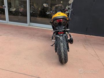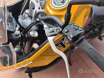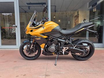 NUOVA TIGER SPORT 800 Colore Cosmic Yellow Pronta consegna Finanziamenti a Tassi agevolati Possibilità di consegna in tutta Italia Si Valutano Permute Motore e Trasmissione Motore Raffreddato a liquido, 12 valvole, doppio albero a camme in testa, 3 cilindri in linea Cilindrata 798 cc Alesaggio 78.0 mm Corsa 55.7 mm Rapporto di compressione 13.2:1 Potenza Massima (CE) 115 PS / 113 bhp (84.6 kW) @ 10,750 rpm Coppia Massima 84 Nm a 8,500 giri/min. Sistema di iniezione Iniezione elettronica sequenziale multipoint Bosch con SAI con controllo elettronico dell'acceleratore. 3 modalità di guida (Rain, Road e Sport) Scarico Impianto di scarico 3 in 1 in acciaio inossidabile con silenziatore laterale Trasmissione finale Catena X-ring Frizione Frizione multidisco a bagno d'olio, assistita Cambio 6 rapporti Telaio Telaio perimetrale in acciaio tubolare Forcellone Bibraccio, in acciaio Ruota Anteriore Cerchio in alluminio a 5 raggi Tubeless 17 x 3,5" Ruota Posteriore Cerchio in alluminio a 5 raggi Tubeless 17 x 5,5" Pneumatico Anteriore 120/70 R 17 Pneumatico Posteriore 180/55 R 17 Sospensione Anteriore Forcelle a cartuccia Showa 41mm, a steli rovesciati con funzioni separate, smorzamento in estensione e compressione regolabile, corsa ruota 150 mm Sospensione Posteriore Monoammortizzatore Showa con smorzamento in estensione regolabile e regolazione idraulica del precarico separata, corsa ruota 150 mm Freno Anteriore Doppio disco flottante da 310 mm, pinze radiali a 4 pistoncini, ABS Cornering Freno Posteriore Disco singolo da 255 mm. Pinza scorrevole Brembo monopistoncino, OCABS Strumentazione e Funzioni Strumentazione multifunzione LCD con display TFT a colori integrato Dimensioni e Peso Larghezza Manubrio 828 mm Altezza Senza Specchietti 1.386 mm / 1.303 mm (posizione parabrezza alto / basso) mm Altezza Sella 835 mm Interasse 1422 mm Angolo di Inclinazione 23.8 º Avancorsa 99 mm Capacità Serbatoio 18.6 L Peso in ordine di marc
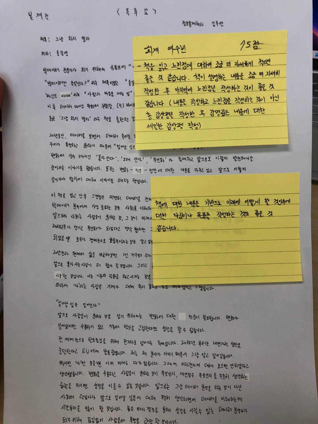 내 독후감은 75점이였다.
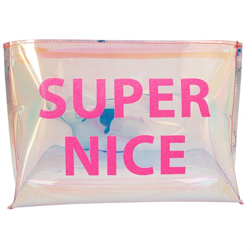 Super flot penalhus fra TOPmodel i særlig model - gennemsigtig med pink farve og skriften "Super nice". Dette penalhus fra TOPmodel kan også bruges som sminke eller toilettaske. Penalhuset / toilettasker måler: Længde: 9 cm Bredde: 26.5 cm Højde: 19 cm Vægt: 0.152 kg
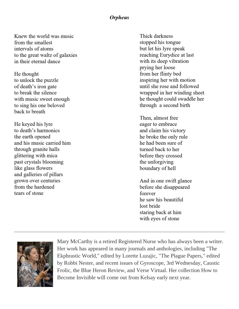 Orpheus / Mary McCarthy Published on June 26, 2023June 26, 2023 by Editorial Staff Share this: Click to share on X (Opens in new window) X Click to share on Facebook (Opens in new window) Facebook Like Loading... Related
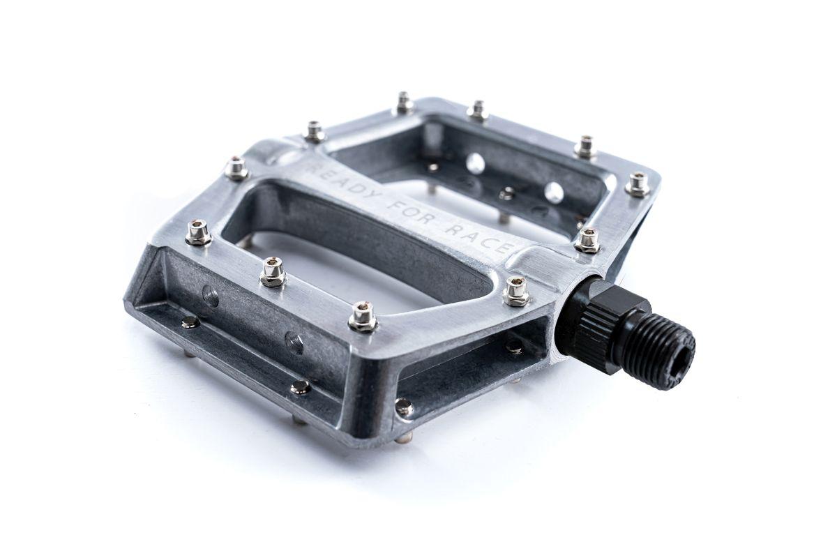 Die leichten Flat-Pedale sind aus Aluminium hergestellt und werden mit einer CrMo-Achse verbaut. Die Anti-Rutsch-Pins sind austauschbar und bieten besten Halt am Fahrrad.
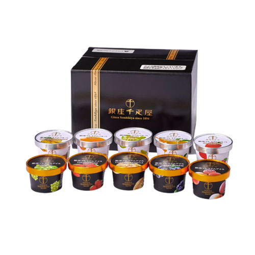 プレミアムアイス(カスタードバニラ、とちおとめ、マスカット、ピーチ、ブルーベリーチーズ)、プレミアムソルベ(マンゴー、柚子はちみつ、メロン、ストロベリー、ゴールデンパイン)各90ml×各1個 計10個
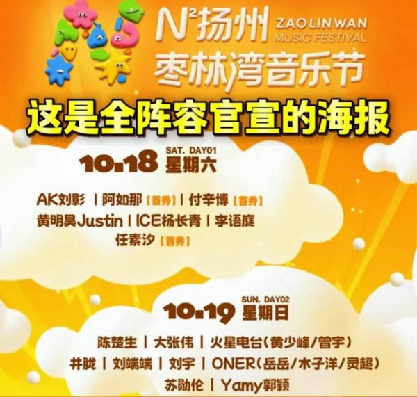 尽管遭遇这一突发状况,扬州枣林湾音乐节仍按计划于10月2日官宣了全阵容。根据官方信息,音乐节将于2025年10月18日至19日在扬州(仪征)世博园举行。10月18日的演出嘉宾包括AK刘彰、阿如那(首秀)、付辛博(首秀)、黄明昊Justin、ICE杨长青、李语庭和任素汐(首秀);10月19日则有陈楚生、大张伟、火星电台、井胧、刘端端、刘宇、ONER、苏勋伦和Yamy郭颖等。主办方表示将全力争取新的惊喜嘉宾,确保音乐节的精彩呈现。
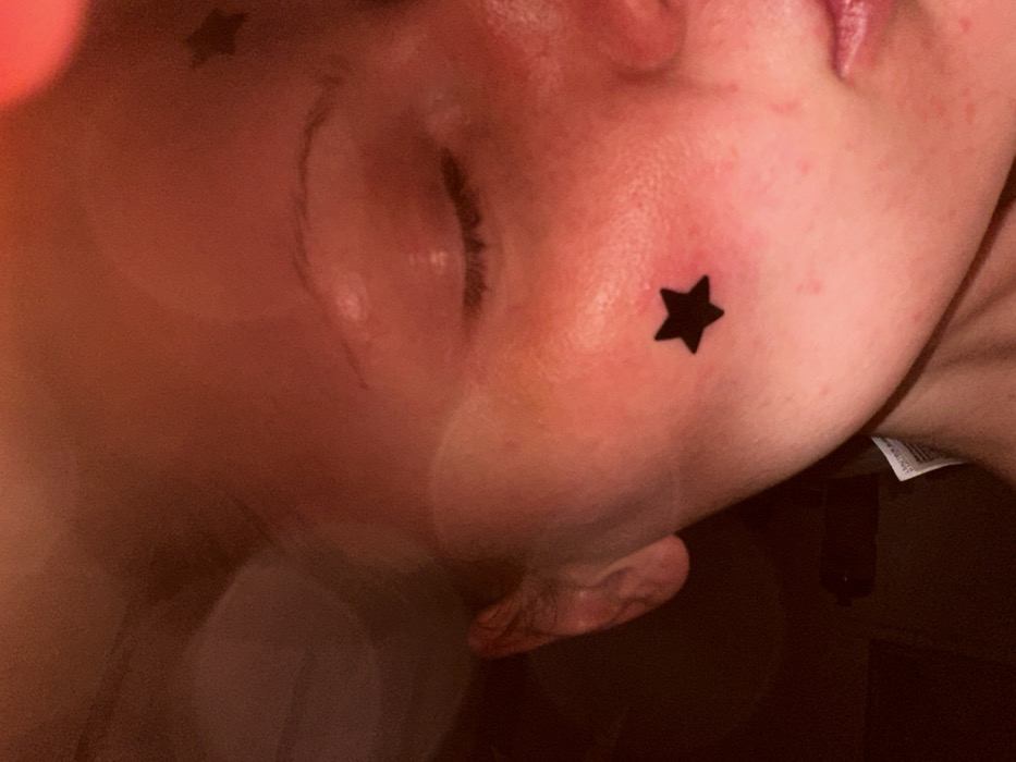 An extreme close-up depicts a person's face, turned towards the side. Their eyes are closed, and two black star stickers are visible: one near the upper left cheek and another on the right cheek. The skin is fair, with subtle redness. An ear is visible, along with the curve of the chin and lips. The overall lighting creates a warm, soft glow.
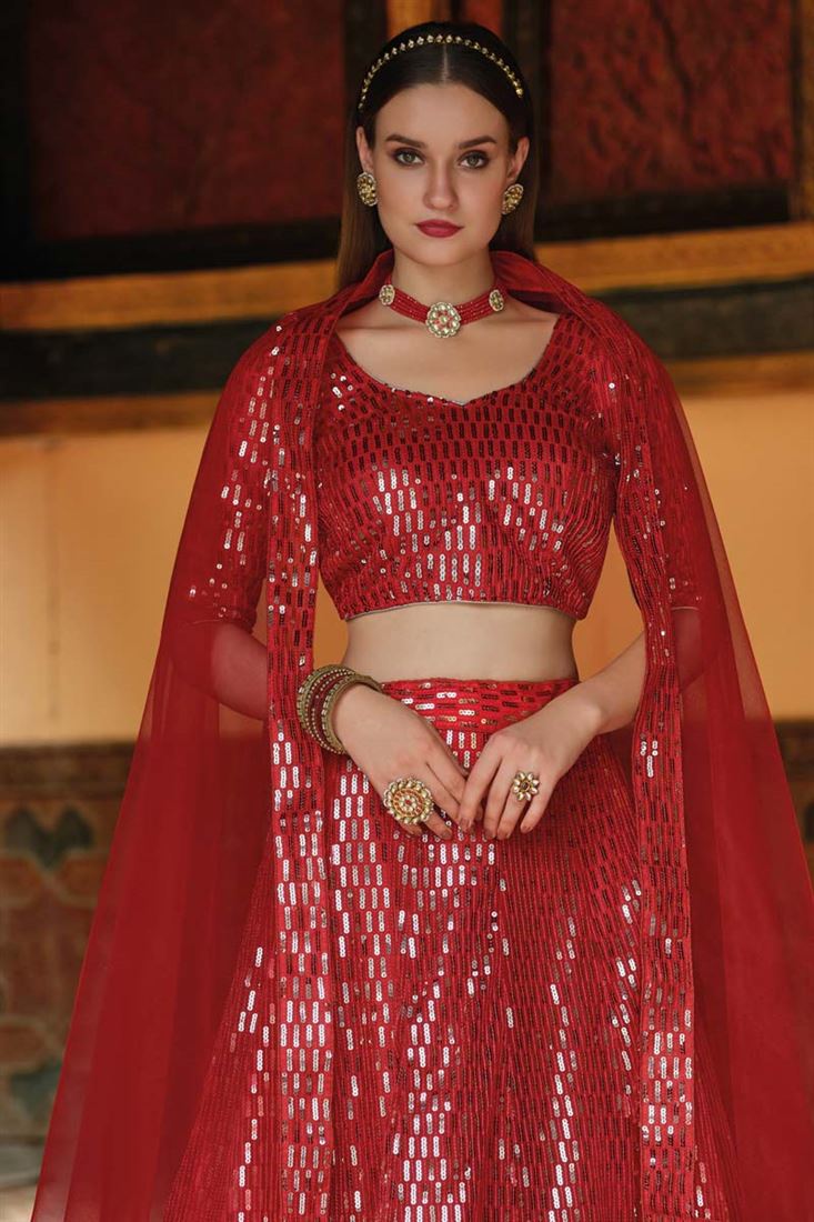 Sangeet Wear Net Fabric Designer Red Color Sequins Work Riveting Lehenga
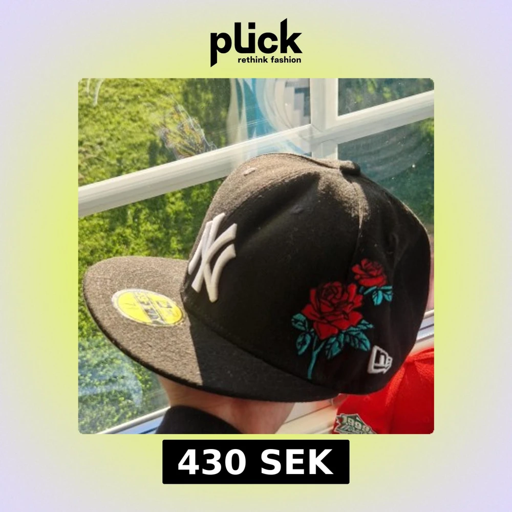 Snygg svart keps från New Era med klassisk NY-logga framtill i vitt och broderade röda rosor med gröna blad på sidan. Flat skärm och gul storleksdekal kvar på skärmen. Perfekt för dig som vill sticka ut med en unik streetstyle.
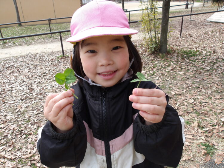 公園では、じっと地面を見たり、落ち葉をかき分けたりしてクローバーを探す姿が見られましたよ。
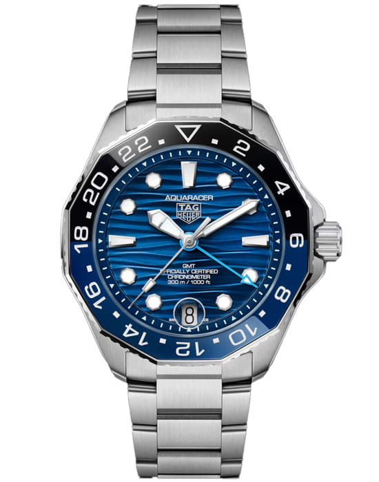 TAG Heuer Aquaracer созданные для погружения и серфинга по всему миру благодаря своей экстремальной технической конструкции и калибру GMT. Благодаря свежему и спортивному стилю он станет отличным аксессуаром. Прочный 42-миллиметровый корпус с водонепроницаемостью 300 м и прочным сине-белым керамическим безелем выдержит любые условия. Благодаря автоматическому калибру 7 GMT, которым оснащены часы TAG Heuer Aquaracer, отслеживание времени по всему миру никогда не было таким простым.Часы оснащены желтой стрелкой GMT, которая делает один полный оборот в день, следуя 24-часовой шкале, видимой на двунаправленном безеле GMT, что позволяет вам определять второй часовой пояс на вашем запястье. Безель представлен в двух цветах, чтобы отличать день от ночи: половина темно-синего цвета, чтобы соответствовать циферблату и представлять ночные часы с 6 вечера до 6 утра; и половина ярко-белого цвета, чтобы обозначить дневные часы с 6 утра до 6 вечера. Механический механизм с автоподзаводом. Сапфировое стеклоСапфировое стеклоПрочный и надёжный материал из кристалла сапфира синтетического происхождения, характеризующийся особой твёрдостью и устойчивостью к царапинам и повреждениям. устойчивое к появлению царапин, обладающее высокой прозрачностью. Стрелки с люминесцентным покрытиемЛюминесцентное покрытиеПозволяет считывать показания времени в темноте. Производители наносят на стрелки, часовые индексы, безель или поверхность циферблата светонакопительный состав, дающий холодное свечение.. Вращающийся безельБезельВнешний ободок, закрепляющий стекло. В спортивных часах так называется поворотное кольцо с делениями на циферблате, выполняет роль таймера – замеряет отрезки времени на шкале. Неподвижный безель – элемент декора. Однонаправленно вращающийся безель на дайверских часах позволяет фиксировать моменты погружения и выныривания на поверхность. из керамики. Класс водозащиты: 300 метров, позволит плавать, нырять и заниматься другими водными видами спорта. Корпус часов изготовлен из стали. Браслет с раскладной застёжкойРаскладная застёжкаТакой тип застёжки используется только на браслетах из металла. Она никогда не раскрывается полностью, происходит разделение на 2 и более частей. Раскладывающая застёжка снизит вероятность потери часов к минимуму..
------------------------
• Goal of the exercise:
Set down the complete material exactly, but do not include the images.

• Answer to this task:
 NUOVA TIGER SPORT 800 Colore Cosmic Yellow Pronta consegna Finanziamenti a Tassi agevolati Possibilità di consegna in tutta Italia Si Valutano Permute Motore e Trasmissione Motore Raffreddato a liquido, 12 valvole, doppio albero a camme in testa, 3 cilindri in linea Cilindrata 798 cc Alesaggio 78.0 mm Corsa 55.7 mm Rapporto di compressione 13.2:1 Potenza Massima (CE) 115 PS / 113 bhp (84.6 kW) @ 10,750 rpm Coppia Massima 84 Nm a 8,500 giri/min. Sistema di iniezione Iniezione elettronica sequenziale multipoint Bosch con SAI con controllo elettronico dell'acceleratore. 3 modalità di guida (Rain, Road e Sport) Scarico Impianto di scarico 3 in 1 in acciaio inossidabile con silenziatore laterale Trasmissione finale Catena X-ring Frizione Frizione multidisco a bagno d'olio, assistita Cambio 6 rapporti Telaio Telaio perimetrale in acciaio tubolare Forcellone Bibraccio, in acciaio Ruota Anteriore Cerchio in alluminio a 5 raggi Tubeless 17 x 3,5" Ruota Posteriore Cerchio in alluminio a 5 raggi Tubeless 17 x 5,5" Pneumatico Anteriore 120/70 R 17 Pneumatico Posteriore 180/55 R 17 Sospensione Anteriore Forcelle a cartuccia Showa 41mm, a steli rovesciati con funzioni separate, smorzamento in estensione e compressione regolabile, corsa ruota 150 mm Sospensione Posteriore Monoammortizzatore Showa con smorzamento in estensione regolabile e regolazione idraulica del precarico separata, corsa ruota 150 mm Freno Anteriore Doppio disco flottante da 310 mm, pinze radiali a 4 pistoncini, ABS Cornering Freno Posteriore Disco singolo da 255 mm. Pinza scorrevole Brembo monopistoncino, OCABS Strumentazione e Funzioni Strumentazione multifunzione LCD con display TFT a colori integrato Dimensioni e Peso Larghezza Manubrio 828 mm Altezza Senza Specchietti 1.386 mm / 1.303 mm (posizione parabrezza alto / basso) mm Altezza Sella 835 mm Interasse 1422 mm Angolo di Inclinazione 23.8 º Avancorsa 99 mm Capacità Serbatoio 18.6 L Peso in ordine di marc
 내 독후감은 75점이였다.
 Super flot penalhus fra TOPmodel i særlig model - gennemsigtig med pink farve og skriften "Super nice". Dette penalhus fra TOPmodel kan også bruges som sminke eller toilettaske. Penalhuset / toilettasker måler: Længde: 9 cm Bredde: 26.5 cm Højde: 19 cm Vægt: 0.152 kg
 Orpheus / Mary McCarthy Published on June 26, 2023June 26, 2023 by Editorial Staff Share this: Click to share on X (Opens in new window) X Click to share on Facebook (Opens in new window) Facebook Like Loading... Related
 Die leichten Flat-Pedale sind aus Aluminium hergestellt und werden mit einer CrMo-Achse verbaut. Die Anti-Rutsch-Pins sind austauschbar und bieten besten Halt am Fahrrad.
 プレミアムアイス(カスタードバニラ、とちおとめ、マスカット、ピーチ、ブルーベリーチーズ)、プレミアムソルベ(マンゴー、柚子はちみつ、メロン、ストロベリー、ゴールデンパイン)各90ml×各1個 計10個
 尽管遭遇这一突发状况,扬州枣林湾音乐节仍按计划于10月2日官宣了全阵容。根据官方信息,音乐节将于2025年10月18日至19日在扬州(仪征)世博园举行。10月18日的演出嘉宾包括AK刘彰、阿如那(首秀)、付辛博(首秀)、黄明昊Justin、ICE杨长青、李语庭和任素汐(首秀);10月19日则有陈楚生、大张伟、火星电台、井胧、刘端端、刘宇、ONER、苏勋伦和Yamy郭颖等。主办方表示将全力争取新的惊喜嘉宾,确保音乐节的精彩呈现。
 An extreme close-up depicts a person's face, turned towards the side. Their eyes are closed, and two black star stickers are visible: one near the upper left cheek and another on the right cheek. The skin is fair, with subtle redness. An ear is visible, along with the curve of the chin and lips. The overall lighting creates a warm, soft glow.
 Sangeet Wear Net Fabric Designer Red Color Sequins Work Riveting Lehenga
 Snygg svart keps från New Era med klassisk NY-logga framtill i vitt och broderade röda rosor med gröna blad på sidan. Flat skärm och gul storleksdekal kvar på skärmen. Perfekt för dig som vill sticka ut med en unik streetstyle.
 公園では、じっと地面を見たり、落ち葉をかき分けたりしてクローバーを探す姿が見られましたよ。
 TAG Heuer Aquaracer созданные для погружения и серфинга по всему миру благодаря своей экстремальной технической конструкции и калибру GMT. Благодаря свежему и спортивному стилю он станет отличным аксессуаром. Прочный 42-миллиметровый корпус с водонепроницаемостью 300 м и прочным сине-белым керамическим безелем выдержит любые условия. Благодаря автоматическому калибру 7 GMT, которым оснащены часы TAG Heuer Aquaracer, отслеживание времени по всему миру никогда не было таким простым.Часы оснащены желтой стрелкой GMT, которая делает один полный оборот в день, следуя 24-часовой шкале, видимой на двунаправленном безеле GMT, что позволяет вам определять второй часовой пояс на вашем запястье. Безель представлен в двух цветах, чтобы отличать день от ночи: половина темно-синего цвета, чтобы соответствовать циферблату и представлять ночные часы с 6 вечера до 6 утра; и половина ярко-белого цвета, чтобы обозначить дневные часы с 6 утра до 6 вечера. Механический механизм с автоподзаводом. Сапфировое стеклоСапфировое стеклоПрочный и надёжный материал из кристалла сапфира синтетического происхождения, характеризующийся особой твёрдостью и устойчивостью к царапинам и повреждениям. устойчивое к появлению царапин, обладающее высокой прозрачностью. Стрелки с люминесцентным покрытиемЛюминесцентное покрытиеПозволяет считывать показания времени в темноте. Производители наносят на стрелки, часовые индексы, безель или поверхность циферблата светонакопительный состав, дающий холодное свечение.. Вращающийся безельБезельВнешний ободок, закрепляющий стекло. В спортивных часах так называется поворотное кольцо с делениями на циферблате, выполняет роль таймера – замеряет отрезки времени на шкале. Неподвижный безель – элемент декора. Однонаправленно вращающийся безель на дайверских часах позволяет фиксировать моменты погружения и выныривания на поверхность. из керамики. Класс водозащиты: 300 метров, позволит плавать, нырять и заниматься другими водными видами спорта. Корпус часов изготовлен из стали. Браслет с раскладной застёжкойРаскладная застёжкаТакой тип застёжки используется только на браслетах из металла. Она никогда не раскрывается полностью, происходит разделение на 2 и более частей. Раскладывающая застёжка снизит вероятность потери часов к минимуму..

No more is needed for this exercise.